Here we found many references to hippies centering on the Vietnam Conflict, one on cultural events in California, and the most promising, a PBS video titled "Summer of Love," part of the "American Experience" series. The result list includes the highlighted search term in context, along with an icon to play the clip that corresponds to the transcript—jumping through the video to the exact segment needed. We were impressed with this feature no matter how many times we ran search queries. The system also searches all playlists and clips, and for this term we retrieved a clip ("From Baby Boomers to Hippies") from an Alexander Street Press editor, whose research expertise includes The Sixties: Primary Documents and Personal Narratives, 1960 to 1974.
In addition to the Transcript tab, each video also has a Clips tab, which includes any clips created from the entire video. "Summer of Love" has individual clips associated with it, such as Timothy Leary's famous "turn on, tune in, drop out" speech, the Digger Movement, and "The Power of LSD." Users can embed clips on web sites or share via email and make creative playlists. In addition, a "Make Clip" icon allows users to create a clip easily, title it, define the length, and set restrictions as to who can view it (Just me, My institution only, Everyone).
PRICING This is available for one-time purchase of perpetual access or as an annual subscription. Pricing is determined by FTE for schools and by number of cardholders for public libraries. Subscriptions range from $775 to $2495 per year.
END USERS Faculty and students will love the time-saving feature of creating clips and playlists accompanied by synchronized transcripts. The combination of material will appeal to all levels of users, from elementary school on up, and the suite of tools (which really are simple to use) makes this quite an extensible resource for in-depth study. The only issue worth mentioning is the use of Adobe Flash, which may be a concern with the increase of mobile users.
Cinema Image Gallery
Wilson, www.hwwilson.com
CONTENT Introduced in January 2009, Cinema Image Gallery is one of the newer online collections added to Wilson's expanding Art Suite, serving as an important companion to Art Museum Image Gallery, a collection of paintings, photographs, jewelry, sculpture, etc., from museums and private collections around the world. Built around the extensive Kobal Collection (an image archive of the movie, television, and entertainment industries), Cinema Image Gallery contains 200,000-plus (and growing) high-quality still images from movies, television, and the entertainment industry, along with 4000-plus promotional poster art and lobby cards, from the late 1800s to the present.
Unique in the comprehensive presentation of the history of moviemaking, the collection comprises a wide array of material for researchers as well as movie buffs, including still images of films in production, directors working on-set with the actors, formal set and publicity shots, costumes and production design, as well as hair and makeup shots and candid behind-the-scenes photos. Many images are rare and have never been publicly available.

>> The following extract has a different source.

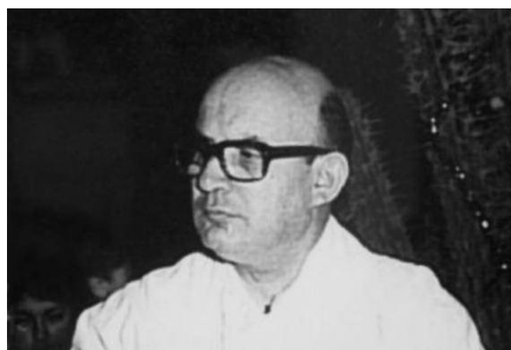
Un ritratto di monsignor Angelelli

The file also offers a TV stills archive, including classic and modern comedies, dramas, series, TV movies, game shows, and more.
All image rights are cleared for education use—an important factor for faculty and students to consider when incorporating images into lesson plans, projects, and presentations. Many records link to reviews and other articles about the term queried through a "More Information" link, and subscribers can seamlessly search from the Wilson Art Suite (Art Full Text, Art Index, Art Index Retrospective: 1929–1984, Art Museum Image Gallery, Avery Index to Architectural Periodicals, and the forthcoming International Bibliography of Art) as well as other Wilson databases.
The system also includes links to biographical content from Wilson's Current Biography, and nearly 100 films include linking to full online videos from Internet Archive's Moving Image Archive, although it was difficult to limit to that subset of titles.
The database currently includes 129 film records from 2009, and quarterly updates will add images from new productions.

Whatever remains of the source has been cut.